-- SUPPLIED ENTRIES follows --

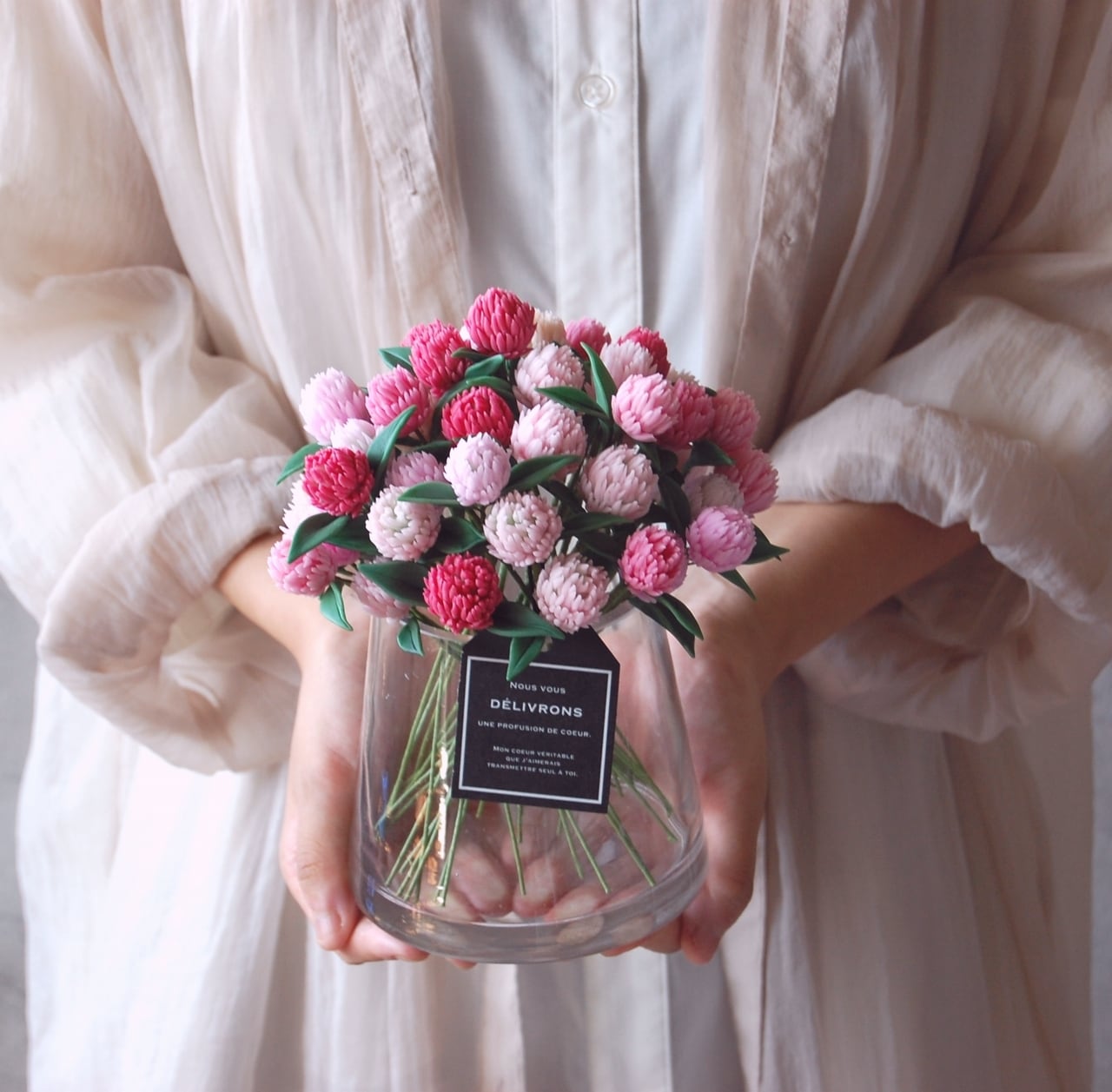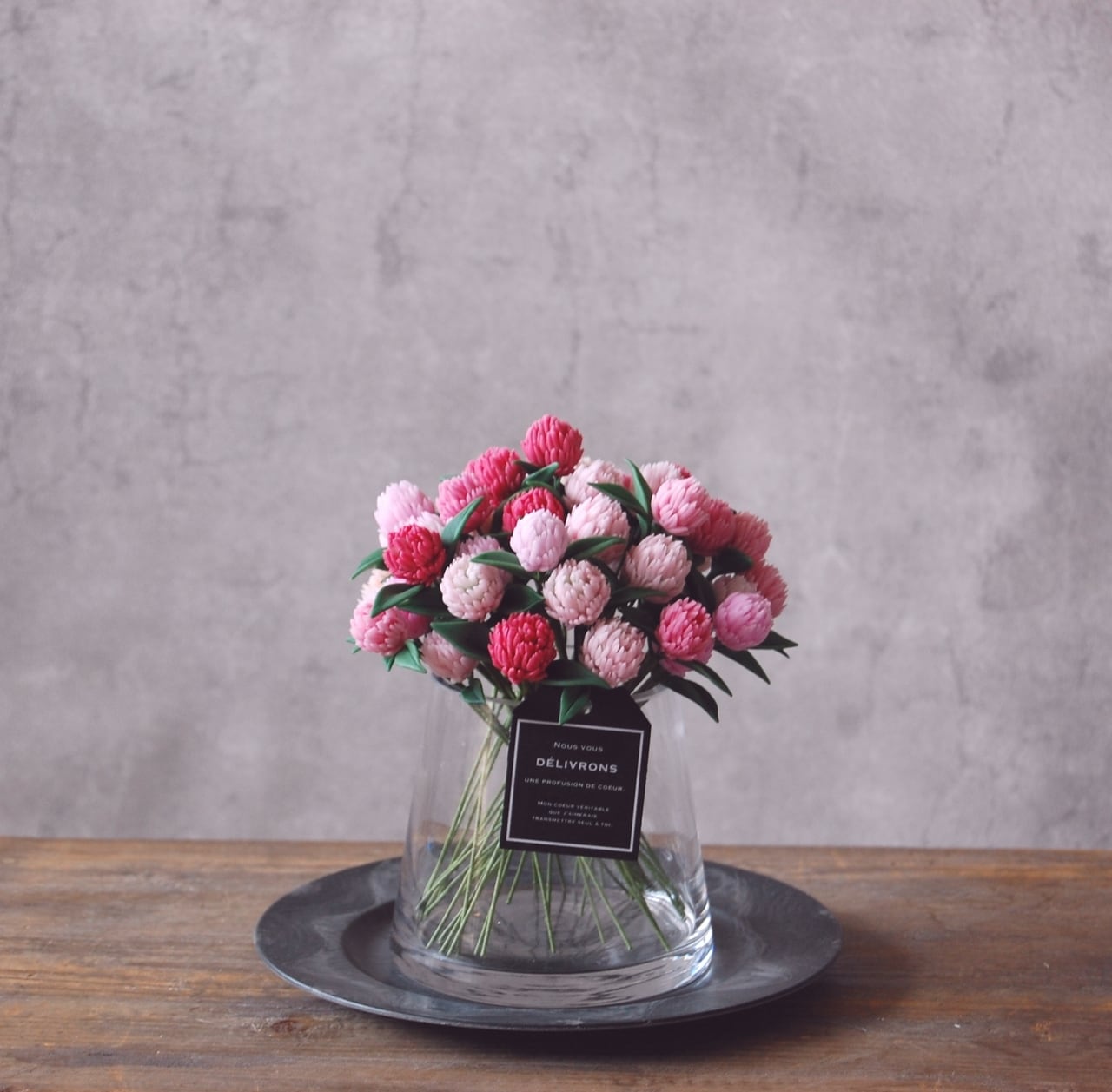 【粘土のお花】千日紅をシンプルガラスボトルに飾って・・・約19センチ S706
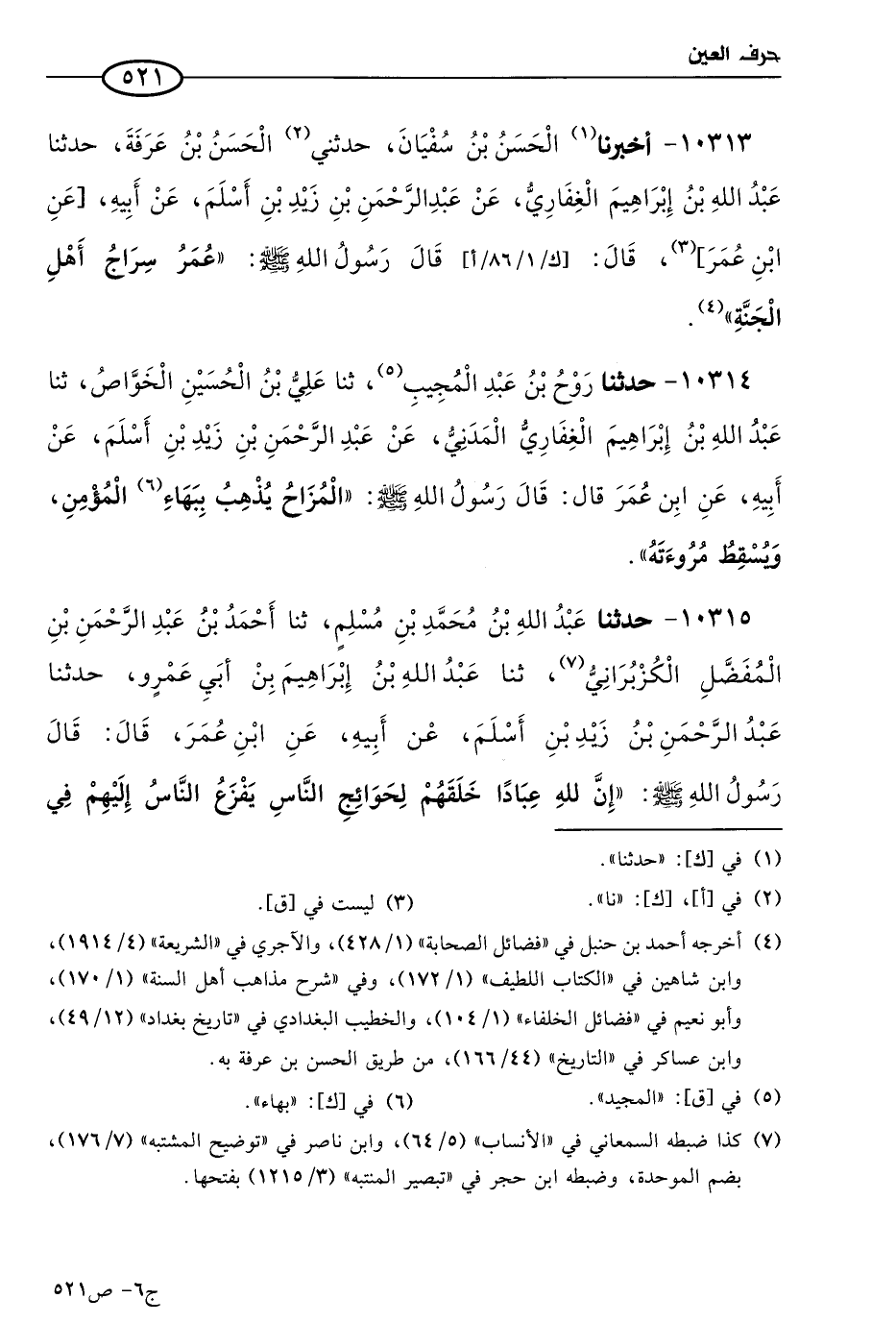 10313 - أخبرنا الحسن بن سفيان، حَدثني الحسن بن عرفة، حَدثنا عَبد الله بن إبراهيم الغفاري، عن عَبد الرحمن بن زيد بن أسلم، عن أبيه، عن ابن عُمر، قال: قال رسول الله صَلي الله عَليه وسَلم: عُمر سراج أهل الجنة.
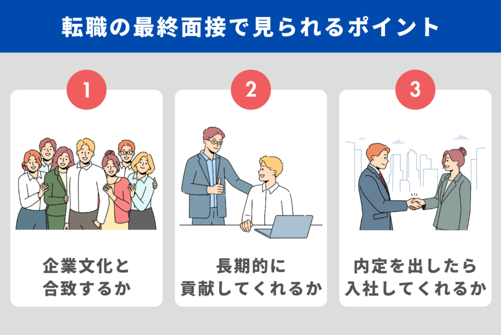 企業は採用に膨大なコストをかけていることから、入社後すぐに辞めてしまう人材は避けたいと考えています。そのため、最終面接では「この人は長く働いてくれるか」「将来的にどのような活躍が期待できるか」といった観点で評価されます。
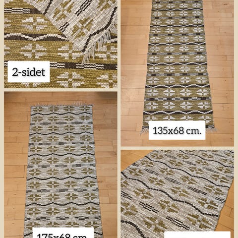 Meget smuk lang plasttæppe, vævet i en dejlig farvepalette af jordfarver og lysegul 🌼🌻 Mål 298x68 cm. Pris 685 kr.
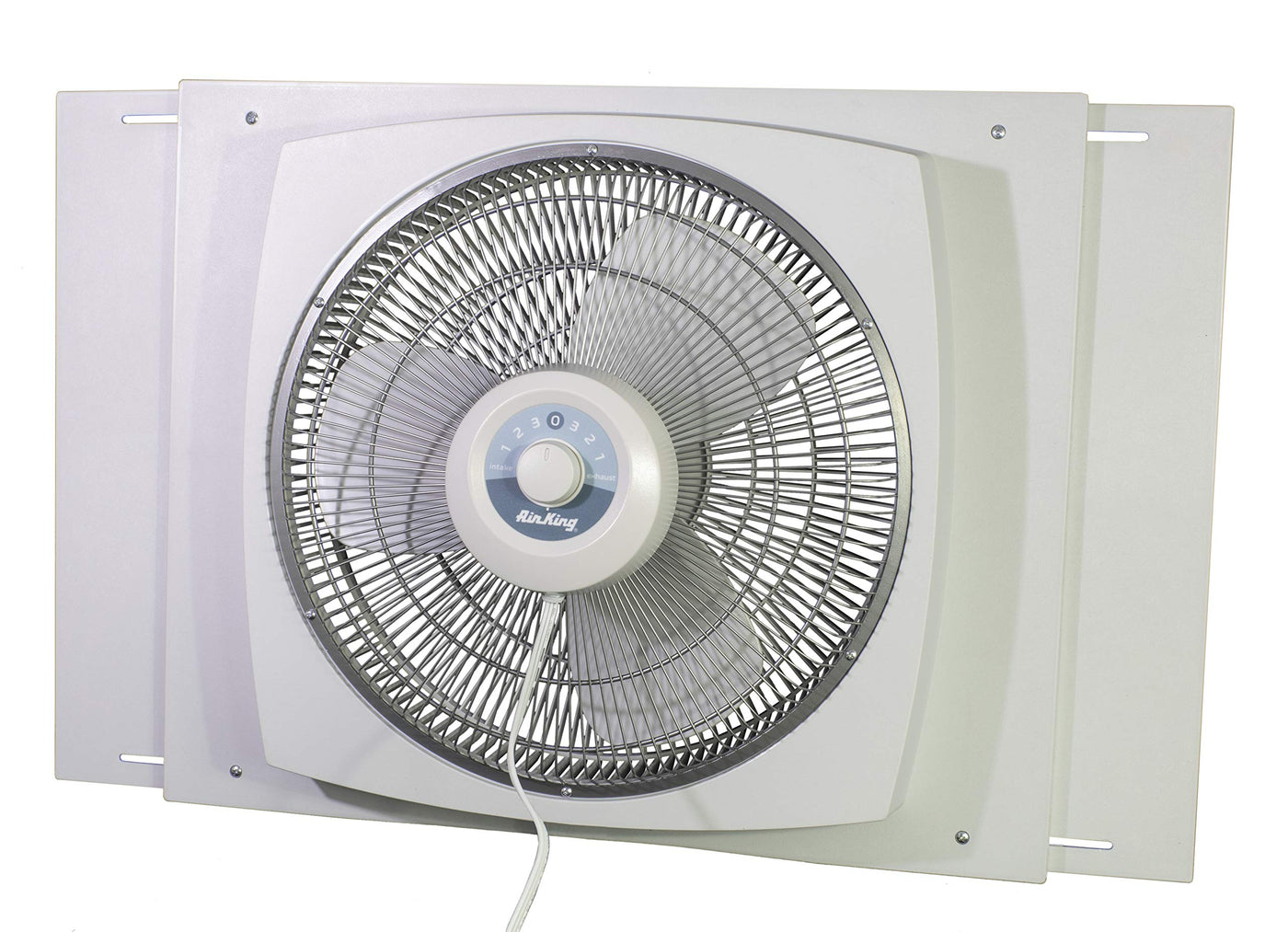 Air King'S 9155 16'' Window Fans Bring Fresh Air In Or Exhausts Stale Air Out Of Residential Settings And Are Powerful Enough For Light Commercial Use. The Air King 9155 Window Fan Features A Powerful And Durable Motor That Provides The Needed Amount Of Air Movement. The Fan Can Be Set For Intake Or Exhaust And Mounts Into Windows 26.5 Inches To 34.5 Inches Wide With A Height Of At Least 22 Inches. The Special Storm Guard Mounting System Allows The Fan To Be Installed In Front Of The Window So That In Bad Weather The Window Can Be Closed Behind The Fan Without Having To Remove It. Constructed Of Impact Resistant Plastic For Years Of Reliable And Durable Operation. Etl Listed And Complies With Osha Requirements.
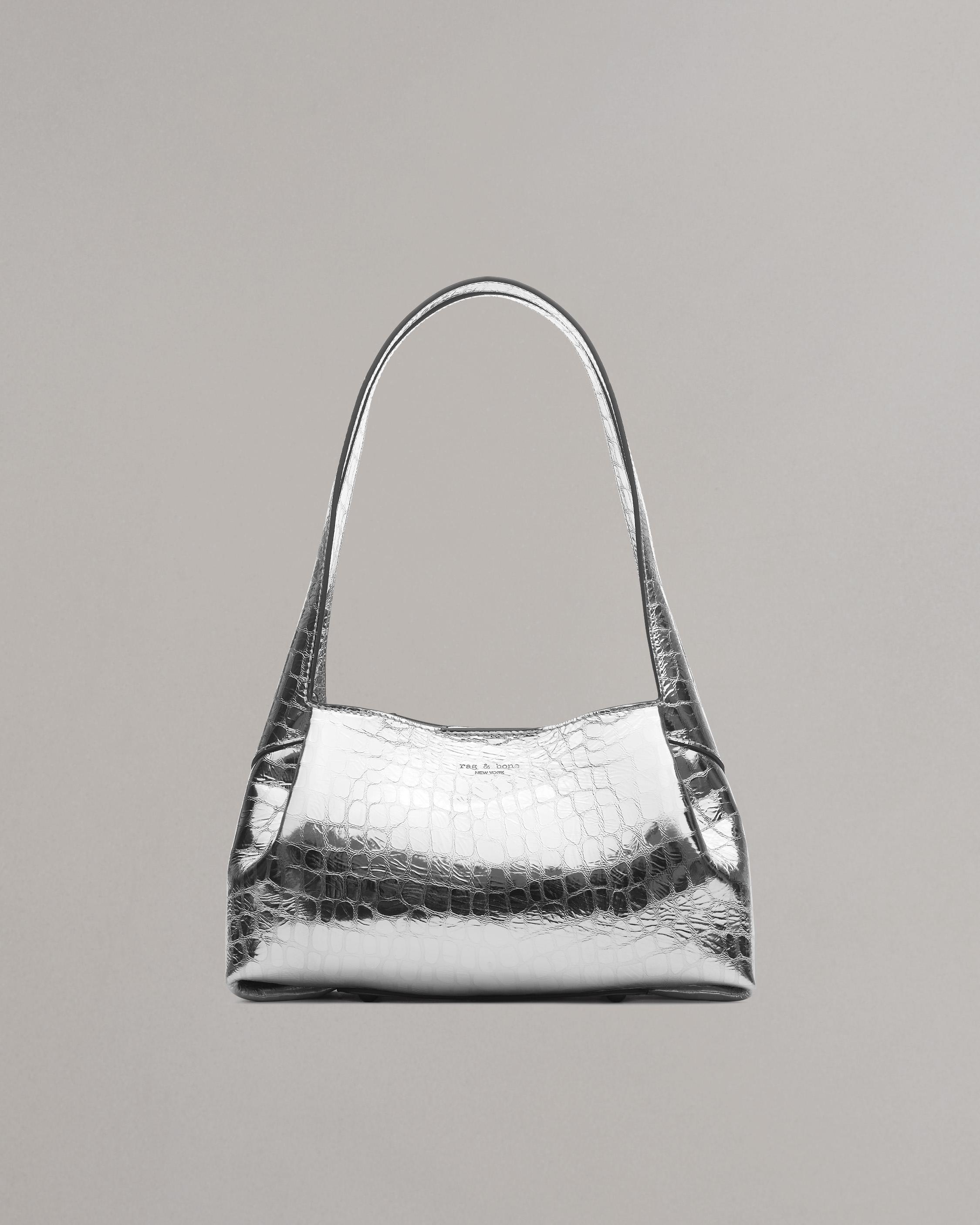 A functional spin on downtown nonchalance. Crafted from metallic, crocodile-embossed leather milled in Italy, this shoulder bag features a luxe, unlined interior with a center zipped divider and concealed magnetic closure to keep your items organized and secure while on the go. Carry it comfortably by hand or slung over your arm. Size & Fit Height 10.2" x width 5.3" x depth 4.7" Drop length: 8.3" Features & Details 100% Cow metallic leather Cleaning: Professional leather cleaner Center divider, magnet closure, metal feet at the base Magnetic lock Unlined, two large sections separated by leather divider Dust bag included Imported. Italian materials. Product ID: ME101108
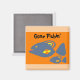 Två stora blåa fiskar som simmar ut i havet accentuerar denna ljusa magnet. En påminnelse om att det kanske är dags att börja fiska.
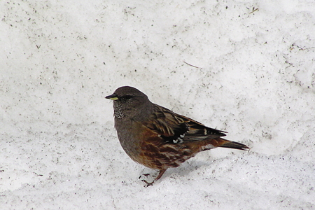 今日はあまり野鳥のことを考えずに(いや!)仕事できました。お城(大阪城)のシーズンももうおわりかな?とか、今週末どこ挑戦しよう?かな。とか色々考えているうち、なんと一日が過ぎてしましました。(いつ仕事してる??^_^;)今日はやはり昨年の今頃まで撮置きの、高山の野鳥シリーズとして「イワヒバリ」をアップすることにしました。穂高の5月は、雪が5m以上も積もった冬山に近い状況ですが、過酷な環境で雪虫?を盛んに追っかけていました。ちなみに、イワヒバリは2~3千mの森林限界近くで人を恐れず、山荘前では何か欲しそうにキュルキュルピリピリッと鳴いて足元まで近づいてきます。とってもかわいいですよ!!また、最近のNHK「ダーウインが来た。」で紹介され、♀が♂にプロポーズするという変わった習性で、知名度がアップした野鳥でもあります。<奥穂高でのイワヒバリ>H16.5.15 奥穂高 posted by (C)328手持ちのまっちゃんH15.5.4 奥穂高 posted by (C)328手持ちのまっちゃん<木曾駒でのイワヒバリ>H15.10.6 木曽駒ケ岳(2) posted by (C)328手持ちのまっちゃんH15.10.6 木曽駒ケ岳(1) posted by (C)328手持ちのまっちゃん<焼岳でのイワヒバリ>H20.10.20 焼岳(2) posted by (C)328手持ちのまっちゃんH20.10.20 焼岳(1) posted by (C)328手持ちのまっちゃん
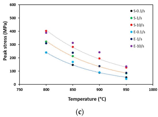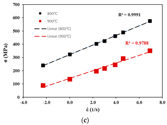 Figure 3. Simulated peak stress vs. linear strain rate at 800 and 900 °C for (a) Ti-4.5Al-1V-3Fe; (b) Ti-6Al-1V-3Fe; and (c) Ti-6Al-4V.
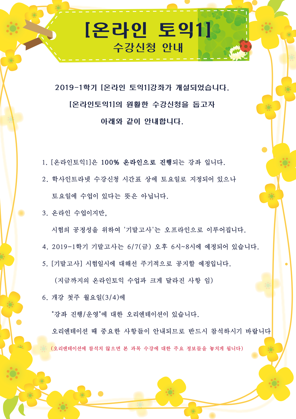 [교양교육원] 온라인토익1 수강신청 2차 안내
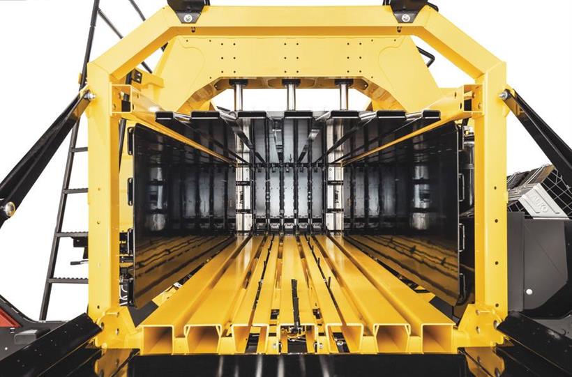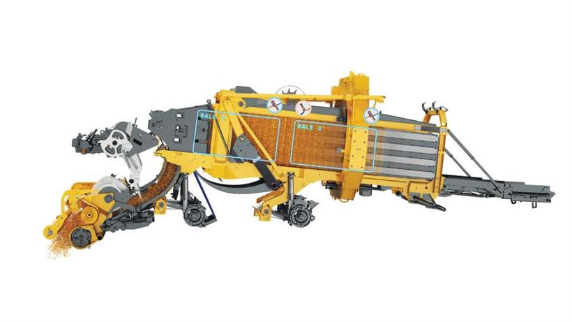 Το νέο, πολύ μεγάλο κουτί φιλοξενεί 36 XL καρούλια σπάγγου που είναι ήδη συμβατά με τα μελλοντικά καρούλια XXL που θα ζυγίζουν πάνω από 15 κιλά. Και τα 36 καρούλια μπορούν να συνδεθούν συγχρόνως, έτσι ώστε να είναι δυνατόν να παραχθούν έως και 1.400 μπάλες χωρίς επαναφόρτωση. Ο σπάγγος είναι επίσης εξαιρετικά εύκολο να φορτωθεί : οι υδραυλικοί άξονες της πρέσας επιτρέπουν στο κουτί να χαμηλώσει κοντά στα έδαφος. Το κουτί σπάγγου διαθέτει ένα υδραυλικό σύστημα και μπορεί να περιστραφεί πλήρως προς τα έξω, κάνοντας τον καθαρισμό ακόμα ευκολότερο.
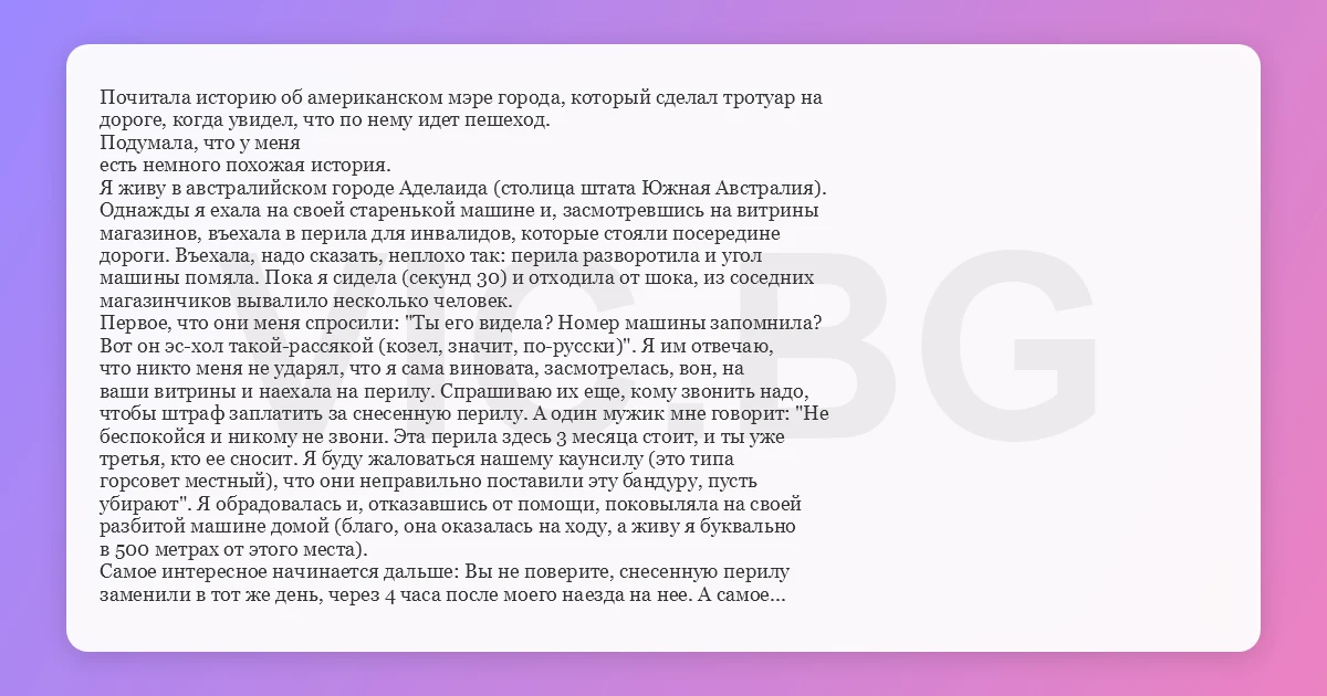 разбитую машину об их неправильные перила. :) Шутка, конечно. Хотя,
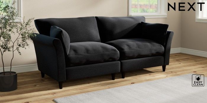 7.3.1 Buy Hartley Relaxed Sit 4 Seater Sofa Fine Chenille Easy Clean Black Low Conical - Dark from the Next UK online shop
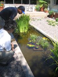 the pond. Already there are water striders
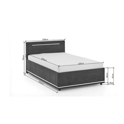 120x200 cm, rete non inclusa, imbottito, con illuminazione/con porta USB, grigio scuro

-- SUPPLIED ENTRIES concluded --

* [YOUR OBJECTIVE] What is needed is the exact run of lines from the start of the data through the line with "Air King'S 9155", both ends included, minus the pictures.

* [REPLY]
 【粘土のお花】千日紅をシンプルガラスボトルに飾って・・・約19センチ S706
 10313 - أخبرنا الحسن بن سفيان، حَدثني الحسن بن عرفة، حَدثنا عَبد الله بن إبراهيم الغفاري، عن عَبد الرحمن بن زيد بن أسلم، عن أبيه، عن ابن عُمر، قال: قال رسول الله صَلي الله عَليه وسَلم: عُمر سراج أهل الجنة.
 企業は採用に膨大なコストをかけていることから、入社後すぐに辞めてしまう人材は避けたいと考えています。そのため、最終面接では「この人は長く働いてくれるか」「将来的にどのような活躍が期待できるか」といった観点で評価されます。
 Meget smuk lang plasttæppe, vævet i en dejlig farvepalette af jordfarver og lysegul 🌼🌻 Mål 298x68 cm. Pris 685 kr.
 Air King'S 9155 16'' Window Fans Bring Fresh Air In Or Exhausts Stale Air Out Of Residential Settings And Are Powerful Enough For Light Commercial Use. The Air King 9155 Window Fan Features A Powerful And Durable Motor That Provides The Needed Amount Of Air Movement. The Fan Can Be Set For Intake Or Exhaust And Mounts Into Windows 26.5 Inches To 34.5 Inches Wide With A Height Of At Least 22 Inches. The Special Storm Guard Mounting System Allows The Fan To Be Installed In Front Of The Window So That In Bad Weather The Window Can Be Closed Behind The Fan Without Having To Remove It. Constructed Of Impact Resistant Plastic For Years Of Reliable And Durable Operation. Etl Listed And Complies With Osha Requirements.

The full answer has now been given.